In this notebook we demonstrate how robust crop classification models are built using the WorldCereal crop mapping system.<br>
Want to try this for a custom area, season and crops of interest? Check out our full [crop type demo notebook](https://github.com/WorldCereal/worldcereal-classification/tree/main/notebooks/worldcereal_custom_croptype.ipynb).

We will be training and comparing two multi-class crop type models:
- the first one will be entirely based on data retrieved from the national parcel declaration system for France, for the years 2018, 2019, 2020 and 2022.<br>

We will test how this model performs on the same country, but in a year for which we did not include training data in the model, i.e. 2021. Additionally, we will also apply the same model to another country, Latvia, also for 2021.

- for the second model we will add a bit of local Latvian training data to the initial model to assess the impact of local training data on model performance.

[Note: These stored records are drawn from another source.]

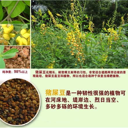 猪屎豆花期长,耐贫瘠又耐旱的习性,非常适合道路两旁边坡的景观栽培,猪屎豆是豆科植物,所以也适合栽种于田里当绿肥植物。
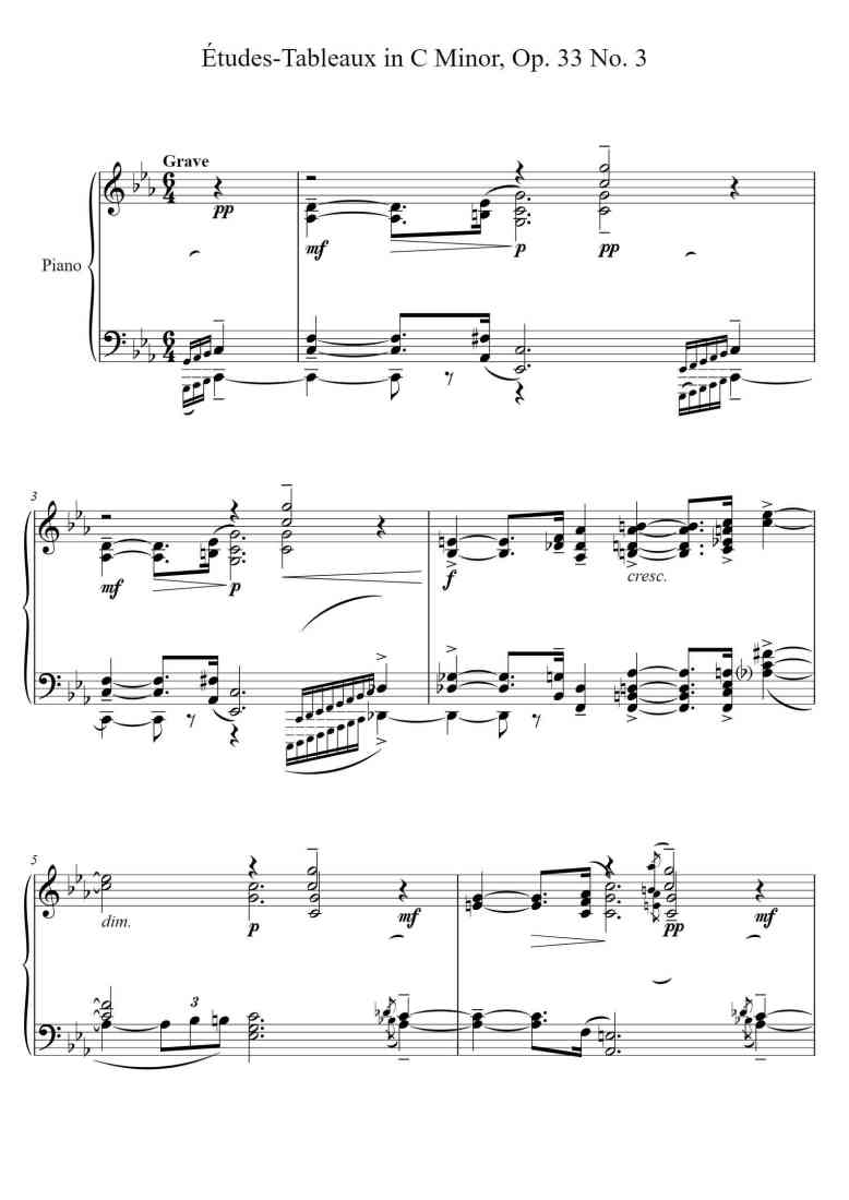 Piano Song Names: Études-tableaux, Op.33, No. 3 Grave
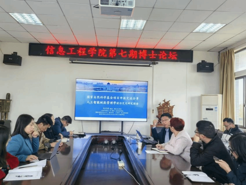 本网讯 11月20日,上海外国语大学马宝君教授做客信息工程学院第七期博士论坛,在黄家湖校区思远楼为师生作题为“国家自然基金项目申报交流分享暨人工智能赋能管理学前沿交叉研究探索”的学术报告。报告由信息工程学院负责人主持,信息工程学院师生代表聆听报告。
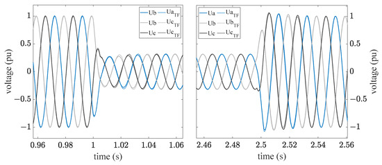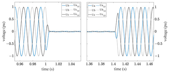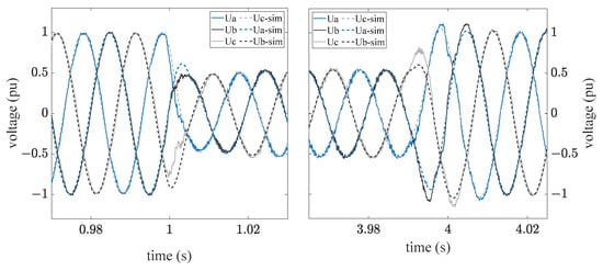 The established standards and technical guidelines prescribe the evaluation of the positive sequence system component. The comparison between measured data and simulation result was carried out for the pre-fault, fault, and post-fault areas, as can be seen in Figure 11. The two transient areas of no relevance in the validation are also indicated. The measured and simulated voltages indicate high agreement before and after the error. The deviation in these ranges is always less than 1%, which is negligible considering the measurement accuracy [21].
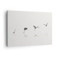 Tablou pe pânză Canvas - Patru siluete de păsări reflectate în apa calmă - 70x50cm - Patru pași simpli - Decorațiune modernă pentru perete pentru living și dormitor ARTTOR
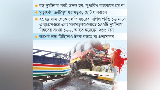 এ ছাড়া বিগত দিনের দুর্ঘটনা এবং তদন্ত নিয়ে জানতে চাওয়া হলে তিনি বলেন, বাস মালিক ও শ্রমিকদের নিয়ে একটি সভা করা হবে। সভার সিদ্ধান্ত বাস্তবায়নে সংশ্লিষ্ট প্রতিষ্ঠানগুলোর দায়িত্ব বুঝিয়ে দেওয়া হবে। সম্মিলিত উদ্যোগ না নিলে সুপারিশ বাস্তবায়ন হওয়া কঠিন। পাশাপাশি নিয়মিত মনিটরিং করা হবে। তাহলে দুর্ঘটনা অনেকাংশে কমে আসবে।

All data required for this notebook is available via a public URL and will be downloaded automatically the first time you run this notebook.<br>
Interested to learn how this data was retrieved? Check out the associated [Data preparation notebook](https://github.com/WorldCereal/worldcereal-classification/tree/main/notebooks/UN_handbook/0_data_preparation.ipynb).

### Content

- [How to run this notebook?](###-How-to-run-this-notebook?)
- [Before you start](###-Before-you-start)
- [1. Gather and prepare the training data](###-1.-Gather-and-prepare-the-training-data)
- [2. Computing training features using Presto](###-2.-Computing-training-features-using-Presto)
- [3. Train and test classifiers](###-3.-Train-and-test-classifiers)
- [4. Generate maps](###-4.-Generate-maps)

### How to run this notebook?

#### Option 1: Run on Terrascope

You can use a preconfigured environment on [**Terrascope**](https://terrascope.be/en) to run the workflows in a Jupyter notebook environment.
Just register as a new user on Terrascope or use one of the supported EGI eduGAIN login methods to get started.

Once you have a Terrascope account, you can run this notebook by clicking the button shown below.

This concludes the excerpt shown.